The lies and dirty tricks of anti-data leadership

They make comments that equate analysis with “delay”.
They confuse considering options with “indecisiveness”.
They don’t invite people who actually have seen or understand the data to their meetings.

They come up with all sorts of alternate ways to make decisions- and defend their position even when the data clearly does not support them:

Call it strategic

I know the numbers don’t add up right now, but this is strategic.

What does that mean- our strategy is to do things without ROI?

Go with consensus perception

We don’t have time to get the actual data- we’re going to have to make a decision based on what the people on the ground are seeing.

If you ignore data, create a hypothesis and then go looking for supporting “evidence” in the form of people “on the ground” thinking it’s a good idea, you’ll find it.

People take suggestions from your questions and generate a matching memory/perception of what they think is happening in the real world. This is something that is well understood and the accuracy of eye witness testimony is known to be poor.

Blame the data quality

You know we have issues with that data. I don’t think we can risk relying on it.

So what’s the alternative? Tea leaves? Might be some risk in that too.

And why is the data quality an issue? Probably because leadership didn’t approve the budget and support the process changes that would have improved it. If the top executives aren’t responsible for data quality in their organisation and have decided not to use the data then a company is in a sad, dysfunctional state.

Moving forward- fight the anti-data forces of evil

Now, no-one can analyse forever- eventually a decision needs to be made.
Often, not all the analysis we want to do can be done. The number one reason anti-data leadership will likely reject doing detailed analysis is that it takes too long. They want to “pull the trigger” and get going, even if the decision is clueless (literally).

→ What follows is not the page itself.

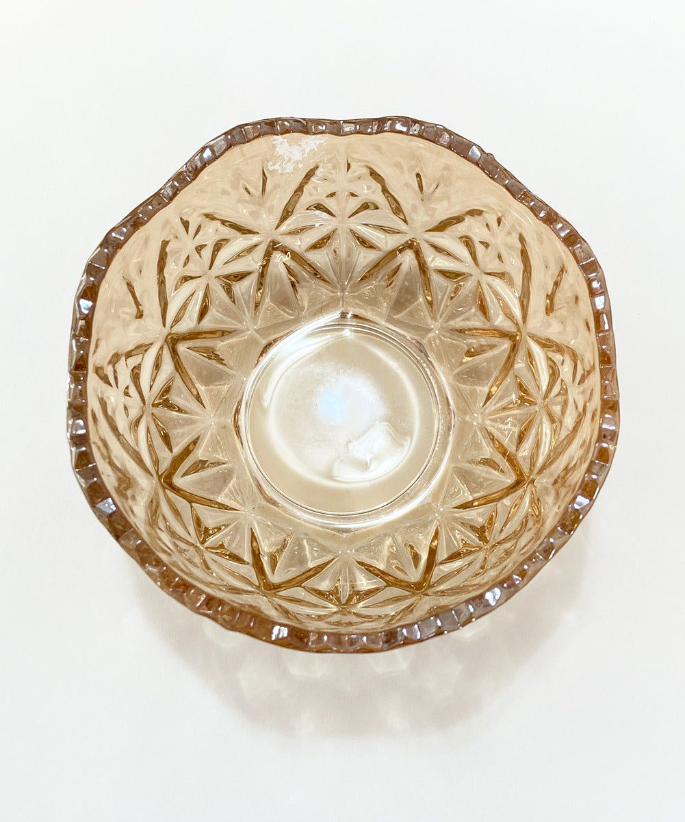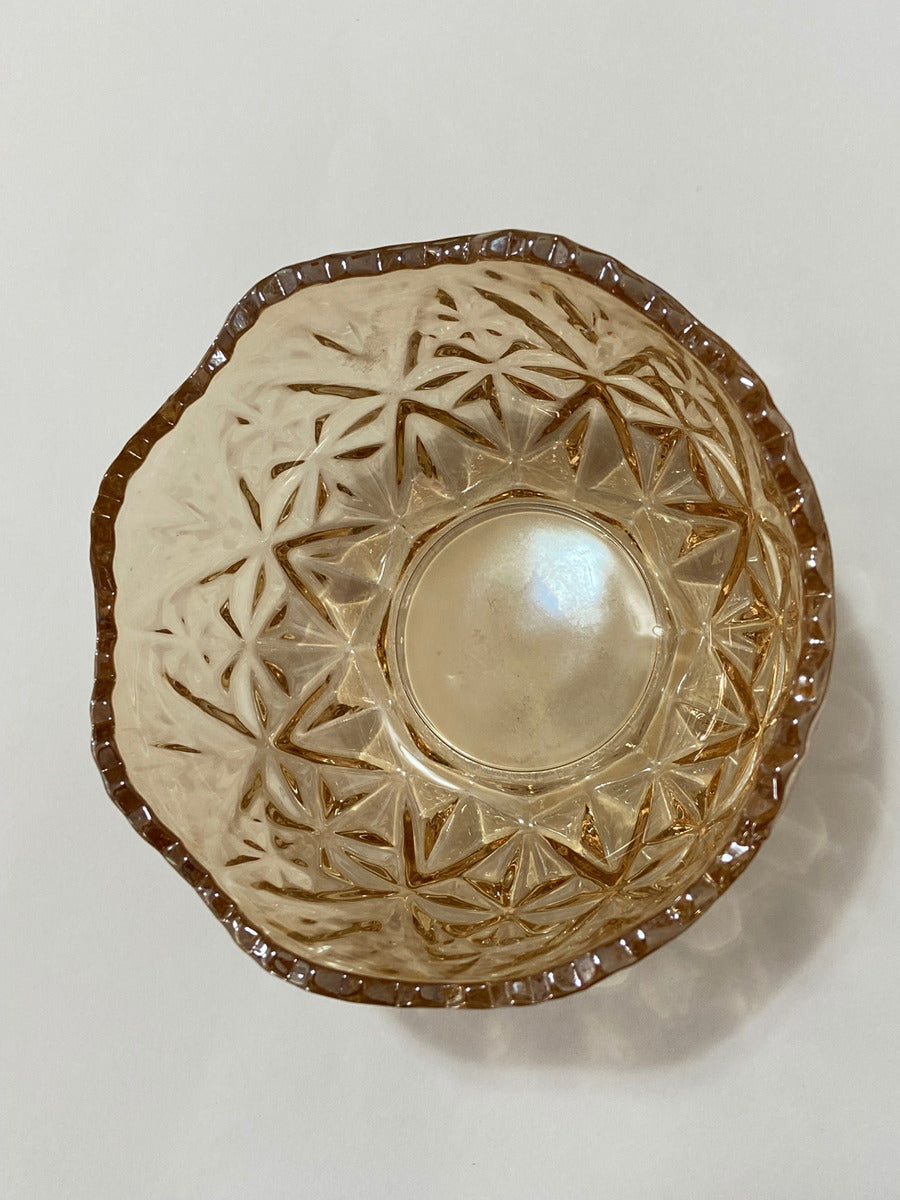Tigela De Vidro Antiga Âmbar Com Relevo Âmbar

Always be working on fixing the structural issues that slow analysis down

These kinds of issues can slow you down:

  • If you have bad quality data in your systems, any analysis must first fix it- causing delays.
  • If you don’t have the people on staff to do the analysis, you have to hire consultants, adding delay and cost.
  • If your data definitions are inconsistent across the company and with industry standards, mixing data from between operating units and other data sources takes forever.

Create a culture of data

Some examples of beliefs that need to be openly stated and shared:

  • the best way to make decisions, if possible, is by looking at actual data.
  • firing off decisions made on the basis of hunches isn’t being “aggressive and decisive”. It’s sloppy and incompetent.
  • data management and analysis is a key competency for ALL employees in ALL departments not just information technology.
  • Create data analysis SWAT teams

    On top of this, there are new techniques needed to enable data analysis to be fast enough to make decisions timely. It is just not possible to launch a waterfall project, to try to find a date three weeks from now when everyone can get together for a functional requirements meeting.

    Companies need to create teams (perhaps virtual, coming together when needed) that are able to use fast, flexible tools to do analysis quickly. I am hoping that the Datamartist tool is one of the new tools that such SWAT teams would have in their toolkit.

    The bottom line is that companies who have leaders that “get” data are going to be running circles around companies with executive dinosaurs who’s eyes glaze over if anyone starts actually talking about facts and figures that can’t fit on a single three dimensional pie chart in power point.

    The future is data, but can we overcome the anti-data forces and their dataphobia?